Supplied material:
Segment Open
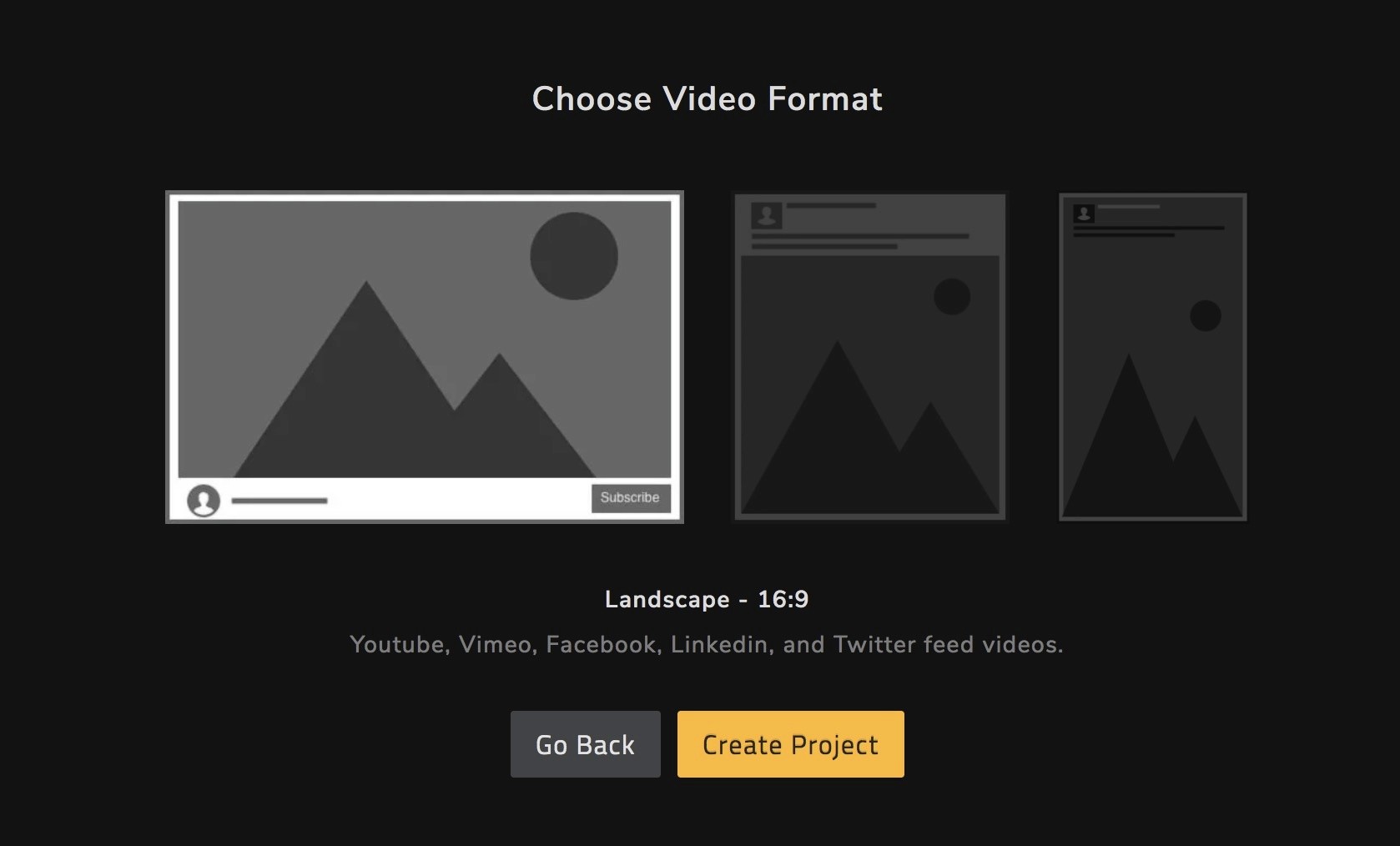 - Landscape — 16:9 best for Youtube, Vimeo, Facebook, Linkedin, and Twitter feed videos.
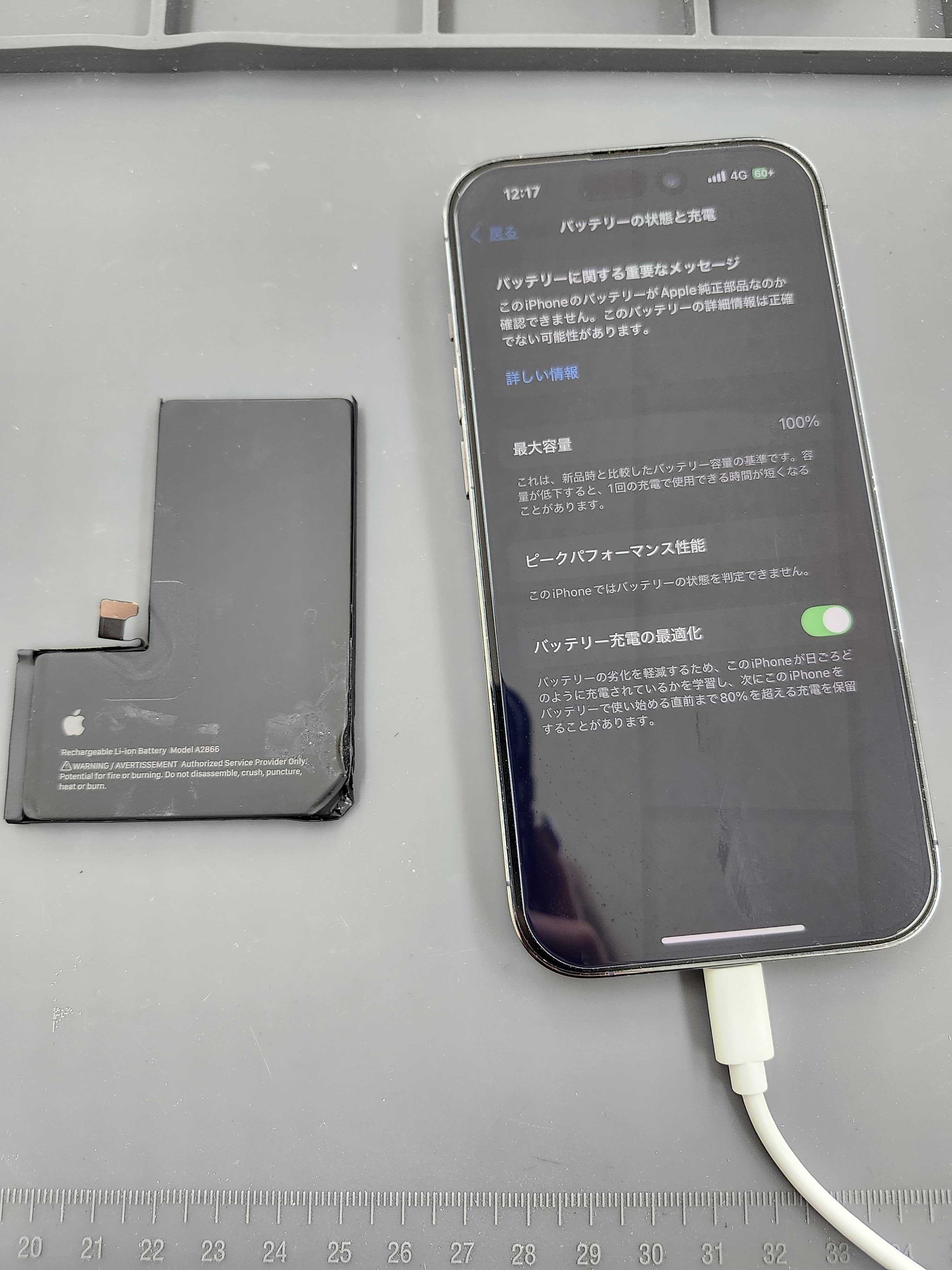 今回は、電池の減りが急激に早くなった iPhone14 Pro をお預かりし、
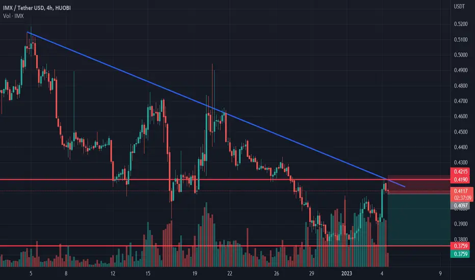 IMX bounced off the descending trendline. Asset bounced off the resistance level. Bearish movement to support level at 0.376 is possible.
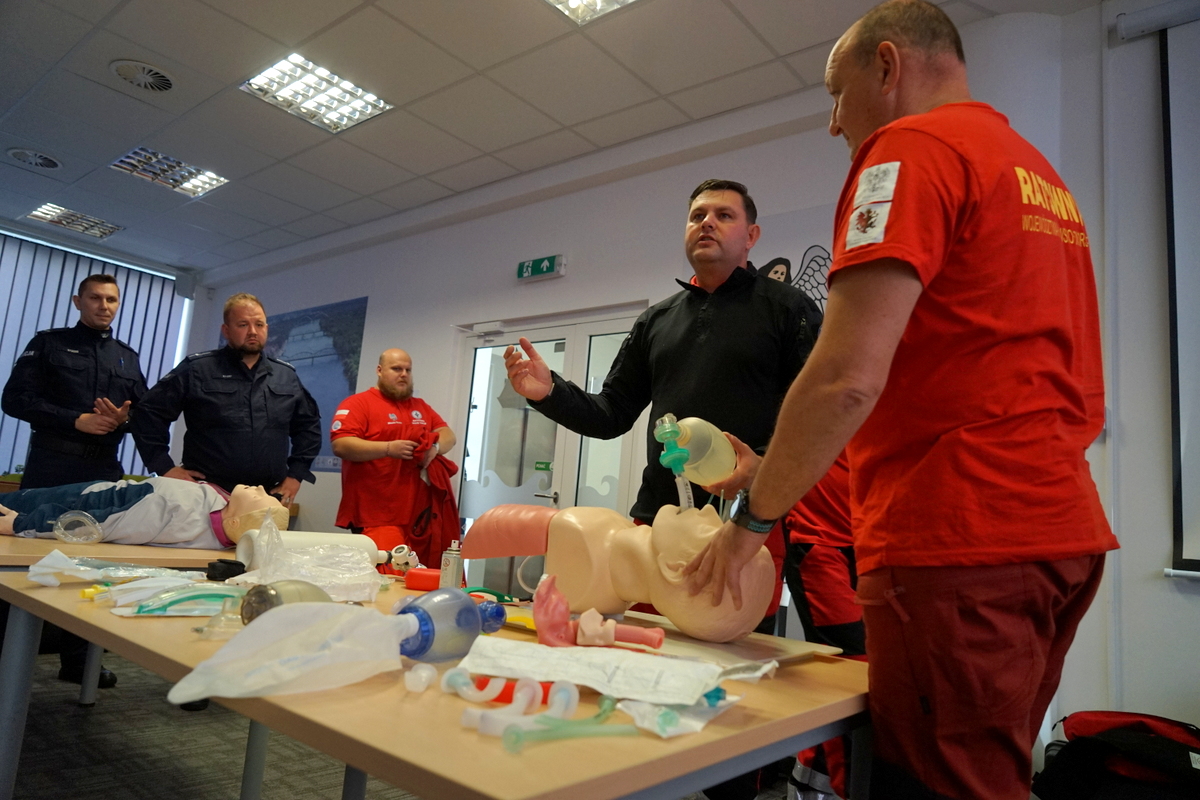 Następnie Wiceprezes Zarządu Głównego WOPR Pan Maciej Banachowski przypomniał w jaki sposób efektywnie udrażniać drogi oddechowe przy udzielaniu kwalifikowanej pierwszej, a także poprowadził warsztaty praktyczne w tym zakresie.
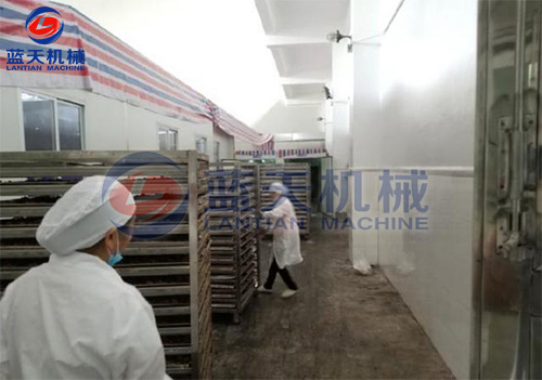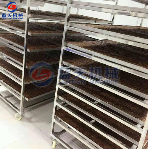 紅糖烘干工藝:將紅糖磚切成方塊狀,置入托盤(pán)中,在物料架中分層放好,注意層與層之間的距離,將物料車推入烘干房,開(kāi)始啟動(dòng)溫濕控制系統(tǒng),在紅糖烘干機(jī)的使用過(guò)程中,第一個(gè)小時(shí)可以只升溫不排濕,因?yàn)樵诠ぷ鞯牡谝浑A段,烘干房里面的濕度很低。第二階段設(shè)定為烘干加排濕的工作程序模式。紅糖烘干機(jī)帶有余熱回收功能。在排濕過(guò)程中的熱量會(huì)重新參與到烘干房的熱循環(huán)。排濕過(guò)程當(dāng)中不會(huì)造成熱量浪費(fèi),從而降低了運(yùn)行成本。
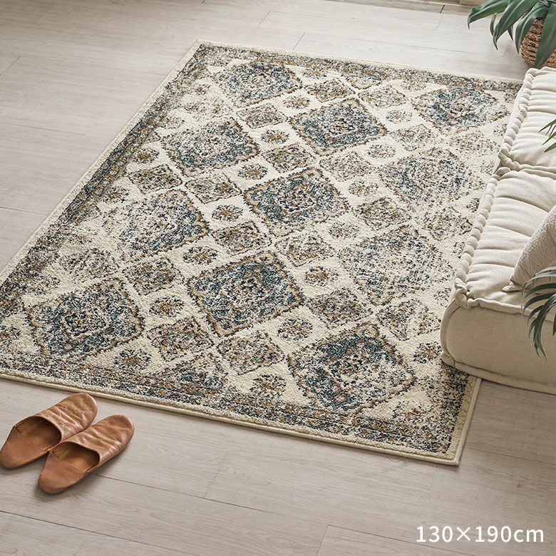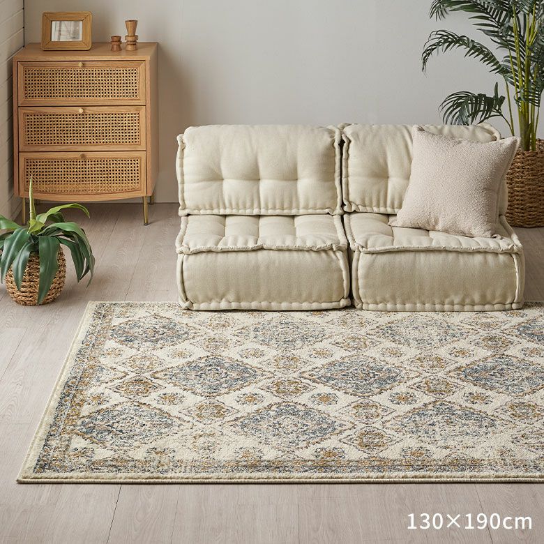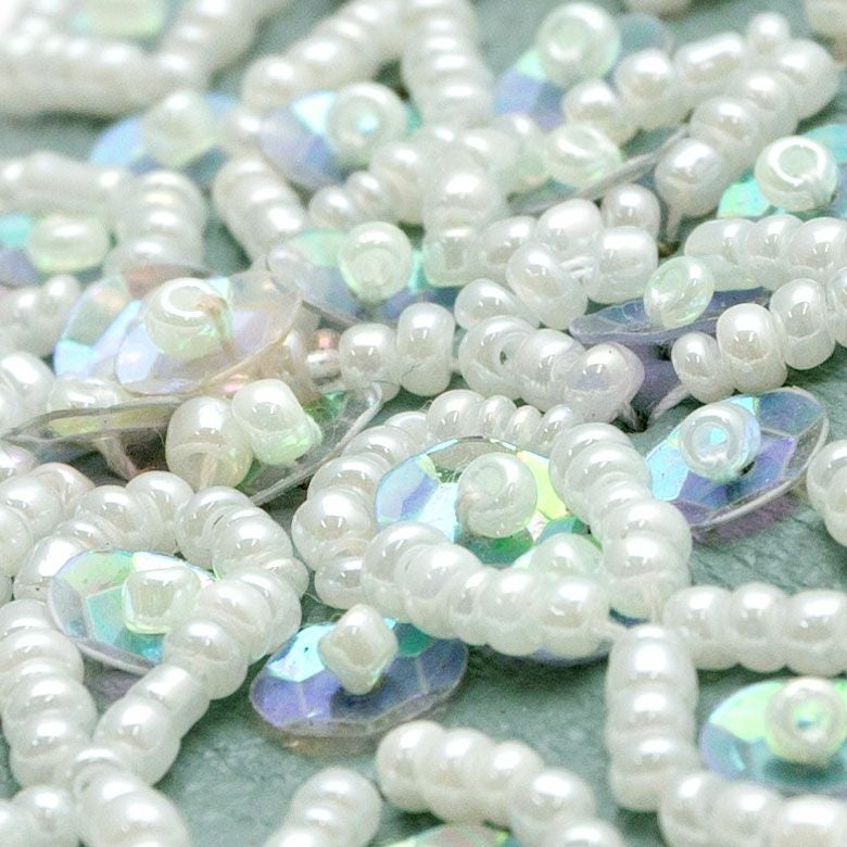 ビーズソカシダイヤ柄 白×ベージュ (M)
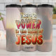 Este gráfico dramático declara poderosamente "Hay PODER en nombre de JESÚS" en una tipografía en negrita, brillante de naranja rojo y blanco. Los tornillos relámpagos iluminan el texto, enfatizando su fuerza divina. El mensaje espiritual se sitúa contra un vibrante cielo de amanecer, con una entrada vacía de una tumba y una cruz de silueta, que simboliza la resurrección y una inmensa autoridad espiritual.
Segment Closed
Your instructions:
Nothing but the lines from the start of the records above through the line with "Następnie Wiceprezes Zarządu" should be retyped, each exactly as written; leave out all pictures.

Answer box:
 - Landscape — 16:9 best for Youtube, Vimeo, Facebook, Linkedin, and Twitter feed videos.
 今回は、電池の減りが急激に早くなった iPhone14 Pro をお預かりし、
 IMX bounced off the descending trendline. Asset bounced off the resistance level. Bearish movement to support level at 0.376 is possible.
 Następnie Wiceprezes Zarządu Głównego WOPR Pan Maciej Banachowski przypomniał w jaki sposób efektywnie udrażniać drogi oddechowe przy udzielaniu kwalifikowanej pierwszej, a także poprowadził warsztaty praktyczne w tym zakresie.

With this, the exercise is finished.